* **Listed entries**
# # #

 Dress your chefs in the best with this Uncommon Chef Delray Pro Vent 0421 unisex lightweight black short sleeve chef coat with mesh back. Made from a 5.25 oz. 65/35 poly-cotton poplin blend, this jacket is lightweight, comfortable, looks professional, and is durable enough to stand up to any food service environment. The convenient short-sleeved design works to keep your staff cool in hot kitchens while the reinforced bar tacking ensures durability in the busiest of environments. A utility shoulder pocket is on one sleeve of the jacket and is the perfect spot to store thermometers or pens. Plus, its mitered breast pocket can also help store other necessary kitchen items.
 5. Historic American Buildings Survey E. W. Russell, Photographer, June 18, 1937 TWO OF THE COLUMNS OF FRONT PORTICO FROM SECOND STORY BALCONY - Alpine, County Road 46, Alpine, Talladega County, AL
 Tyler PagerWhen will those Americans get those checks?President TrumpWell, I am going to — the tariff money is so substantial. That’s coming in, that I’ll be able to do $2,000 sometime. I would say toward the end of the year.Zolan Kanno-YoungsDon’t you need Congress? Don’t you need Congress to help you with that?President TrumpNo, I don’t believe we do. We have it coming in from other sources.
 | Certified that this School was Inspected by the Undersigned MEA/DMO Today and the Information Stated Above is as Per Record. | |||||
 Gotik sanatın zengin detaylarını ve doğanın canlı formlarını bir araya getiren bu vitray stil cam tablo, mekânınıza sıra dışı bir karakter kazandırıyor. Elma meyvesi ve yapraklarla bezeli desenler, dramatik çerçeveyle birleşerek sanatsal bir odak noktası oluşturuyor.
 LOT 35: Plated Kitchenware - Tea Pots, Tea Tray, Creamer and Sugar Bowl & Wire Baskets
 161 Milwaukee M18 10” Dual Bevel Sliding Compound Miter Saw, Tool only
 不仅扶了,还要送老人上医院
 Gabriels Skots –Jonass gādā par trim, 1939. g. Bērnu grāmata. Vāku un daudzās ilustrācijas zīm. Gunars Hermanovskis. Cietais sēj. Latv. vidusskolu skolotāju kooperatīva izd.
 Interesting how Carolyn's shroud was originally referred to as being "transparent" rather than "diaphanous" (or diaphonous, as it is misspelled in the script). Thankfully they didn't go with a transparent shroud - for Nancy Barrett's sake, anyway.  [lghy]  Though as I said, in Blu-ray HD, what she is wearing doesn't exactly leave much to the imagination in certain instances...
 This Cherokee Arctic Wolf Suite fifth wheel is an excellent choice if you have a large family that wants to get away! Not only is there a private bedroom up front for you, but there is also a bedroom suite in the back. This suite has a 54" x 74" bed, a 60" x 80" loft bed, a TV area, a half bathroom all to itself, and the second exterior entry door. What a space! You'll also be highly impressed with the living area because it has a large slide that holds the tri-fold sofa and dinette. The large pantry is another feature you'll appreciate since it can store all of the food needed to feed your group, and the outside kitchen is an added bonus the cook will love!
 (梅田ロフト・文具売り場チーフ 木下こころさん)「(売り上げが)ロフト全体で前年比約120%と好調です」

# # #

Return exactly the lines above from the line that has "不仅扶了,还要送老人上医院" through the line that has "Interesting how Carolyn's", inclusive, and nothing else.

* **Exercise response**
 不仅扶了,还要送老人上医院
 Gabriels Skots –Jonass gādā par trim, 1939. g. Bērnu grāmata. Vāku un daudzās ilustrācijas zīm. Gunars Hermanovskis. Cietais sēj. Latv. vidusskolu skolotāju kooperatīva izd.
 Interesting how Carolyn's shroud was originally referred to as being "transparent" rather than "diaphanous" (or diaphonous, as it is misspelled in the script). Thankfully they didn't go with a transparent shroud - for Nancy Barrett's sake, anyway.  [lghy]  Though as I said, in Blu-ray HD, what she is wearing doesn't exactly leave much to the imagination in certain instances...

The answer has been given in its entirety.